Now, we have the tools we need to look at the performance of our top 10 brands' revenue over time.

I can now pivot by my brand and simply filter the `brand_rank_by_sales.rnk` field, on the condition of less than or equal to 10.

To allow clear sorting by our pivot field, we can combine the rank and the brand name by adding a new dimension that will support being sorted alphanumerically. The `CASE WHEN` statement will simply prepend a 0 to ranks less than 10, for proper sorting.

``dimension: ranked_brand {    type: string    sql:        CASE        WHEN            \${rnk} < 10 THEN '0'|| \${rnk} || ') ' || \${brand}            ELSE \${rnk} || ') ' || \${brand}        END ;;}``

Now, we can pivot by our `brand_rank_by_sales.ranked_brand` field and filter for the top 10 rank:

## Group Our Long Tail into a Single "Other" Bucket

Adding on to the pattern above, I may want to take everything below a certain rank and place it into a long tail or "other" bucket. This can be used for time-series analysis, but is especially helpful in pie charts. You can find more information on creating "other" buckets using table calculationsor using charts.

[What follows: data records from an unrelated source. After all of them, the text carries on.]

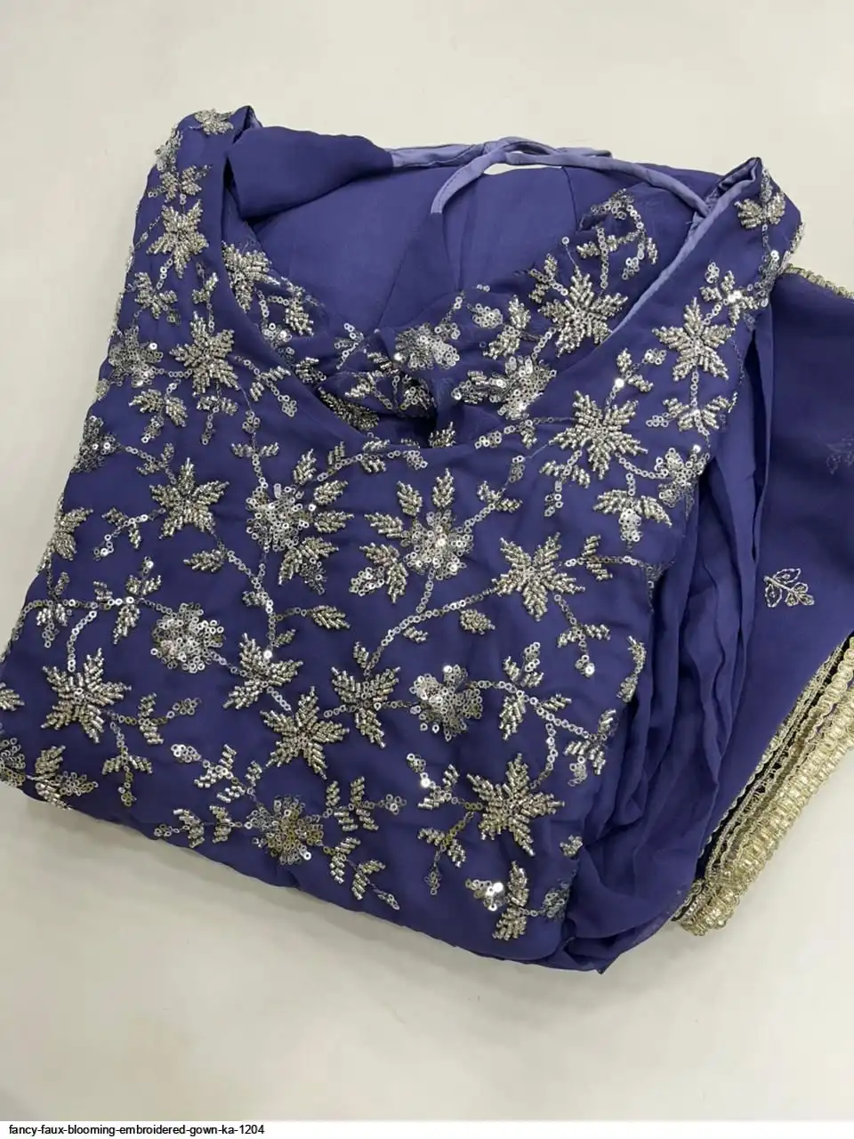 FABRIC & WORK :- Faux Blooming With Sequins Multithreaded Beads Embroidered work.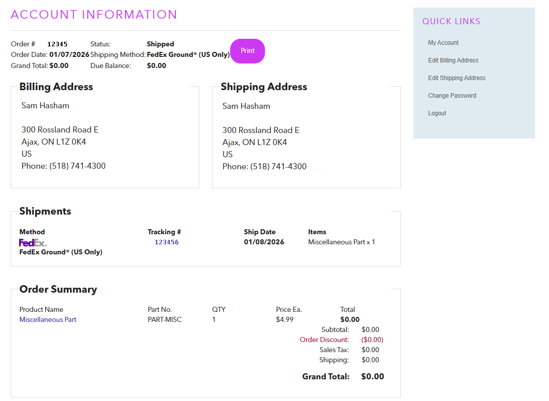 To access your full invoice and other details, click on the Order # to open the order's dedicated page. Here you can view a full order breakdown, print your invoice, and check tracking details.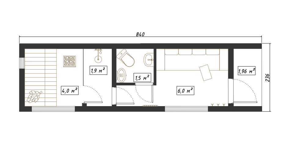- Баня с душевой, туалетом, комнатой отдыха и крыльцом B1.80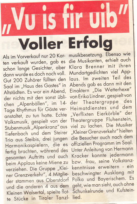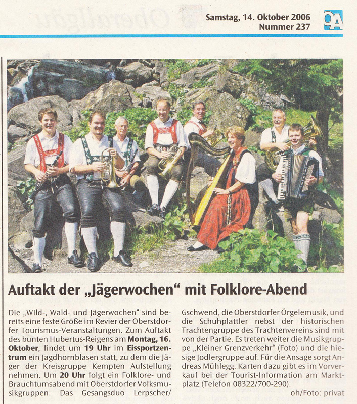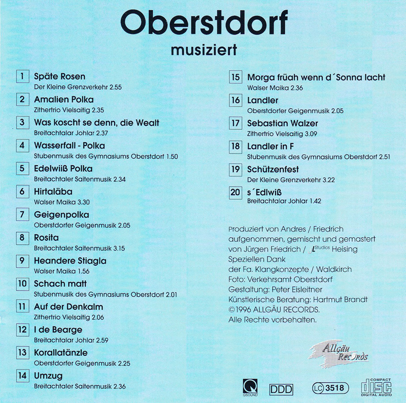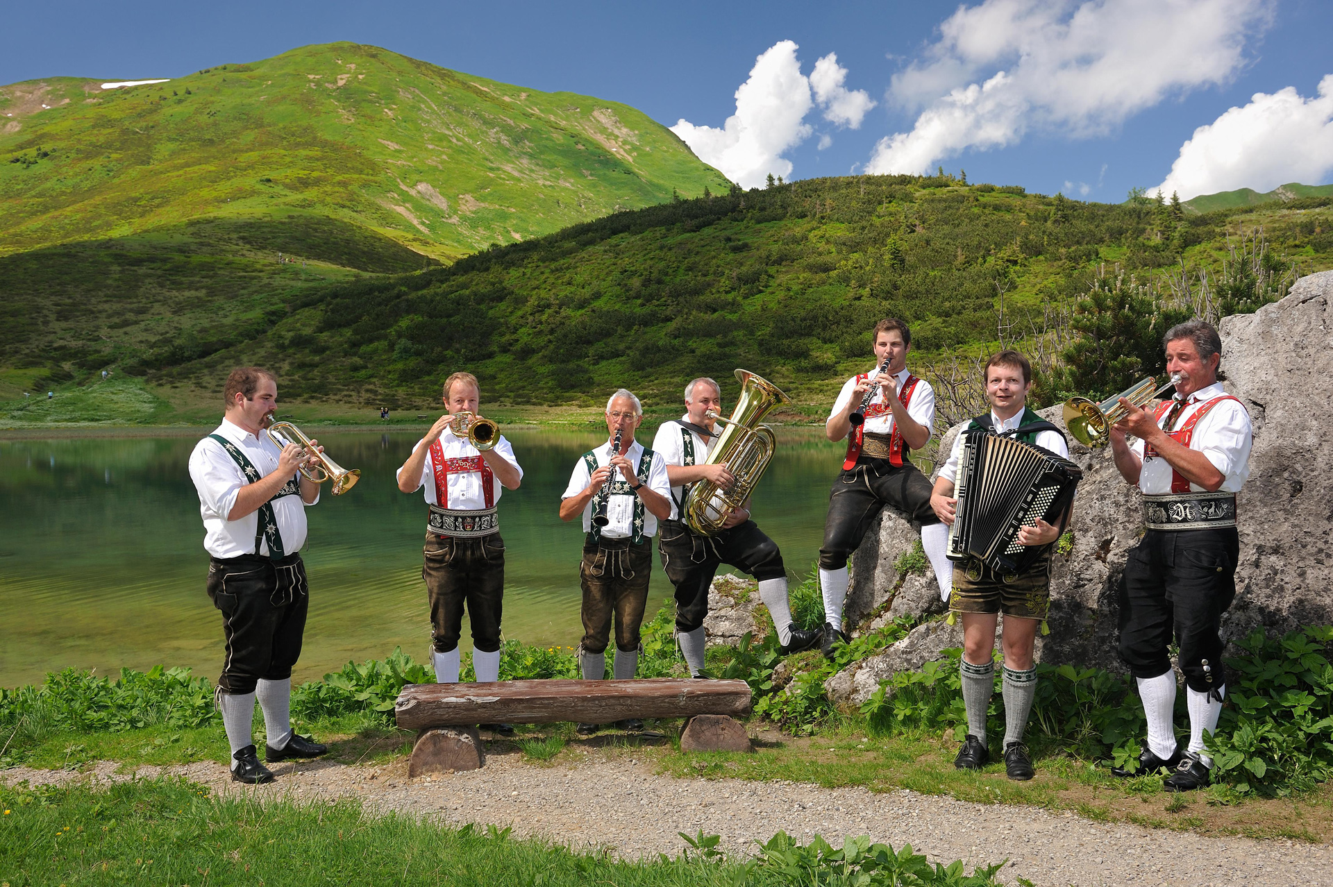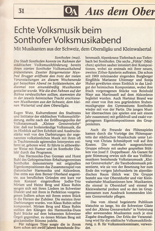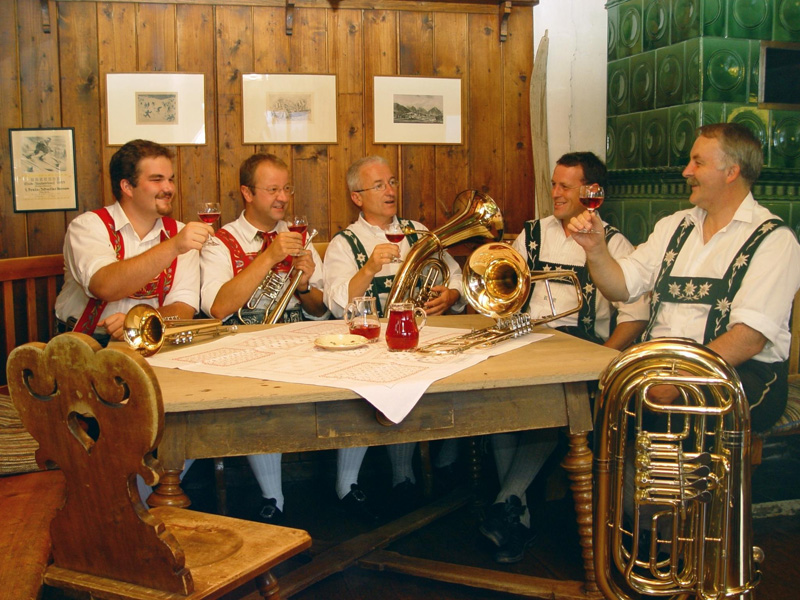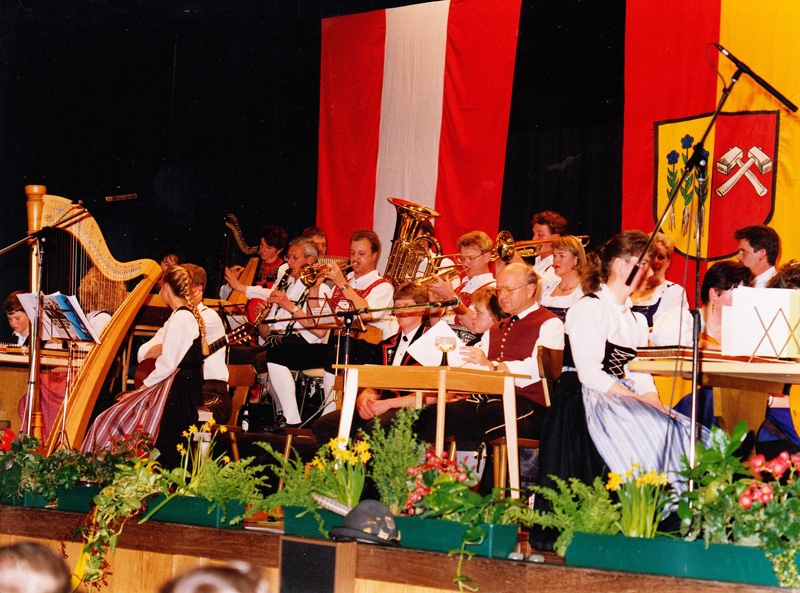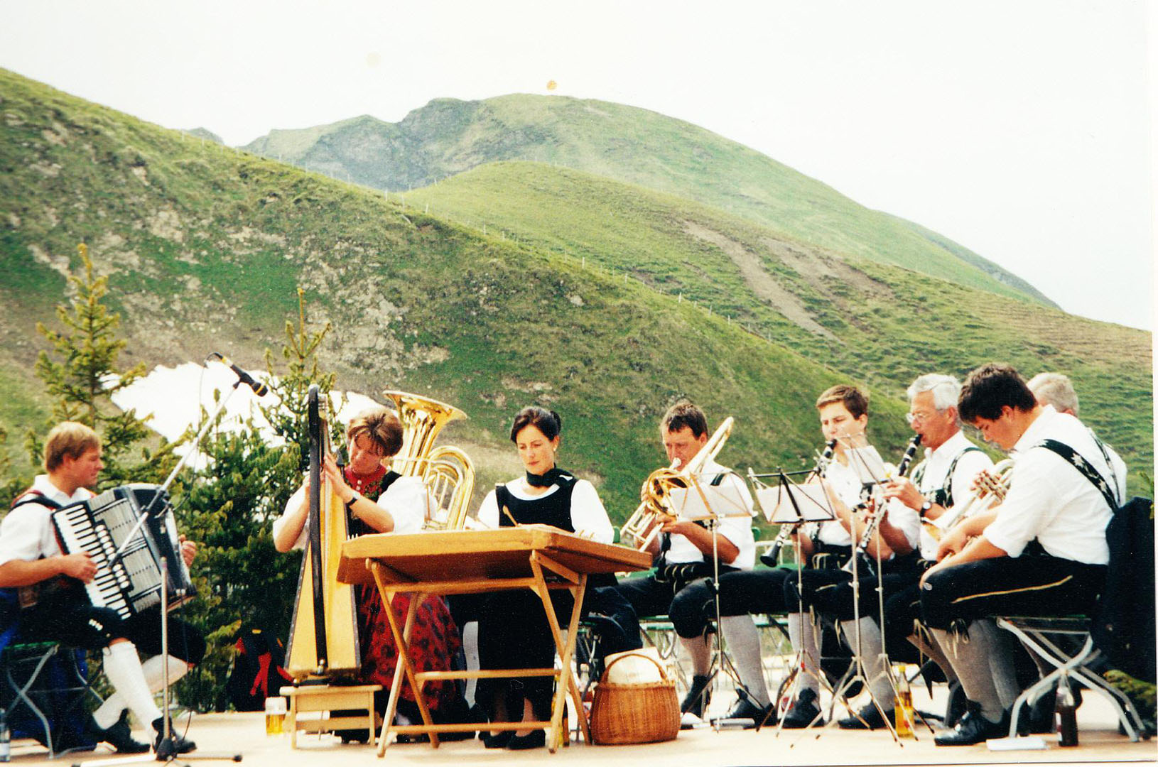 Vincenz Kling, Thomas Höng, Flügelhorn, Dieter Nocker, Baßflügelhorn, und Peter Kling, Tuba. Aus Hinterstein die Hintersteiner Jodler, die Raffelemuseg Hüttlinger-Milz und die Familienmusik Wechs.

I'll simply add the following two fields:

``filter: other_bucket_threshold {    type: number}dimension: ranked_brand_with_tail {    type: string    sql:     CASE        WHEN {% condition other_bucket_threshold %} \${rnk} {% endcondition %}        THEN \${ranked_brand}        ELSE 'x) Other'    END ;;}``

The benefit of this approach is that the end-user can dynamically adjust the tail threshold, which may vary or need to be tuned for the subset under consideration.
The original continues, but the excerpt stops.